/risk-aware-curriculum-generation

Risk-aware curriculum generation for heavy-tailed distributions

Primary LanguageJupyter NotebookMIT LicenseMIT

Risk-aware Curriculum Generation for Heavy-tailed Task Distributions

Cevahir Koprulu (1), Thiago D. Simão (2), Nils Jansen (2) and Ufuk Topcu (1)

(1) The University of Texas at Austin

(2) Radbound University Nijmegen

Accepted for the 39th Conference on Uncertainty in Artificial Intelligence (UAI 2023).

Our codebase is built on the repository of Curriculum Reinforcement Learning via Constrained Optimal Transport (CURROT) by Klink et al. (2022).

Web sources for CURROT:

Source code: https://github.com/psclklnk/currot/tree/icml (ICML branch)

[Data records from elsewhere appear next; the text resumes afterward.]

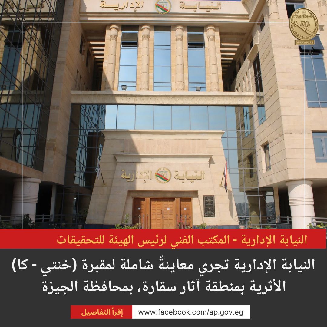 تنفيذًا لتوجيهات معالي المستشار/ محمد الشناوي - رئيس هيئة النيابة الإدارية؛ واستكمالًا للتحقيقات التي يجريها المكتب الفني لرئيس الهيئة للتحقيقات برئاسة المستشار/ خيري معوض، أجرى المستشار/ وائل عزت التوني، وتحت إشراف المستشار/ محمد حامد - وكيل المكتب، صباح اليوم الأربعاء الموافق الحادي عشر من فبراير الجاري؛ معاينةً شاملة لمقبرة (خنتي - كا) الأثرية بمنطقة آثار سقارة، بمحافظة الجيزة.
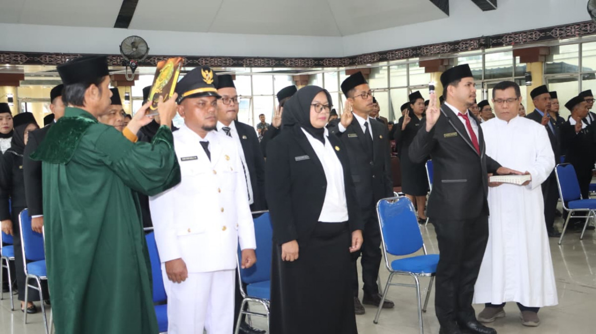 Sidikalang - Bupati Dairi Vickner Sinaga melantik dan mengambil sumpah janji jabatan pejabat di lingkungan Pemerintah Kabupaten Dairi pada Kamis (25/9/2025) di gedung Balai Budaya Sidikalang. Pelantikan dan pengambilan sumpah janji jabatan turut dihadiri oleh Wakil Bupati Dairi Wahyu Daniel Sagala serta Sekretaris Daerah Surung Charles Bantjin.
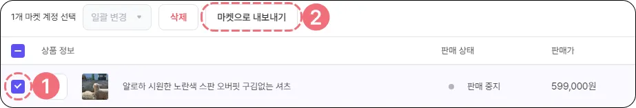 ④ 상품 앞 박스에 체크하고 마켓으로 내보내기 클릭하면 연동 마켓에 상품이 노출됩니다.
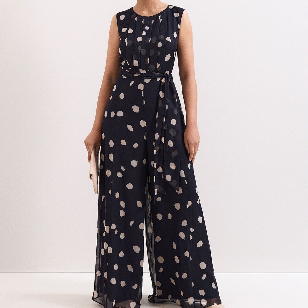 This playful polkadot piece will work if you're wondering what to wear to a wedding, for a day at the races or even a fancy dinner reservation. A jumpsuit can elongate a petite frame and be one of the most flattering pieces in your wardrobe. The all-in-one shape forms an unbroken vertical line, offering the illusion of extra height, whilst the wide-leg trousers work to elongate the legs.

Paper: https://proceedings.mlr.press/v162/klink22a.html

Cross-entropy methods are originally implemented in the repository of Efficient Risk-Averse Reinforcement Learning (CeSoR) by Greenberg et al. (2022).

Web sources for CeSoR:

Source code: https://github.com/ido90/CeSoR

Paper: https://proceedings.neurips.cc/paper_files/paper/2022/hash/d2511dfb731fa336739782ba825cd98c-Abstract-Conference.html

We run our codebase on Ubuntu 20.04.5 LTS with Python 3.9.16

Installation

The required packages are provided in a requirements.txt file which can be installed via the following command;

pip install -r requirements.txt

How to run

To run a single experiment (training + evaluation), run.py can be called as follows (you can put additional parameters):

python run.py --train --eval 0 --env point_mass_2d_heavytailed --type self_paced_with_cem --target_type wide --DIST_TYPE cauchy --seed 1 # RACGEN
python run.py --train --eval 0 --env point_mass_2d_heavytailed --type self_paced_with_cem --target_type wide --DIST_TYPE gaussian --seed 1 # RACGEN-N
python run.py --train --eval 0 --env point_mass_2d_heavytailed --type self_paced --target_type wide --DIST_TYPE cauchy --seed 1 # SPDL
python run.py --train --eval 0 --env point_mass_2d_heavytailed --type self_paced --target_type wide --DIST_TYPE gaussian --seed 1 # SPDL-N
python run.py --train --eval 0 --env point_mass_2d_heavytailed --type default_with_cem --target_type wide --seed 1 # Default-CEM
python run.py --train --eval 0 --env point_mass_2d_heavytailed --type default --target_type wide --seed 1 # Default
python run.py --train --eval 0 --env point_mass_2d_heavytailed --type wasserstein --target_type wide --seed 1 # CURROT
python run.py --train --eval 0 --env point_mass_2d_heavytailed --type alp_gmm --target_type wide --seed 1 # ALP-GMM
python run.py --train --eval 0 --env point_mass_2d_heavytailed --type goal_gan --target_type wide --seed 1 # GoalGAN
python run.py --train --eval 0 --env point_mass_2d_heavytailed --type plr --target_type wide --seed 1 # PLR
python run.py --train --eval 0 --env point_mass_2d_heavytailed --type vds --target_type wide --seed 1 # VDS

The results demonstrated in our submitted paper can be run via run_{environment_name}_experiments.py by changing environment_name to one of the following:

  • point_mass_2d_heavytailed_wide
  • lunar_lander_2d_heavytailed_wide

Evaluation

Under misc directory, there are three scripts:

  1. plot_expected_performance.py: We use this script to plot the progression of expected return during training.
  2. plot_stat_return.py: We run this script to obtain a box plot for the distribution of the discounted return obtained by final policies in contexts drawn from the target context distribution. One can use this script to run statistical significance tests, as we did for the paper.
  3. sample_eval_contexts.py: We run this script to draw contexts from the target context distributions and record them to be used for evaluation of trained policies.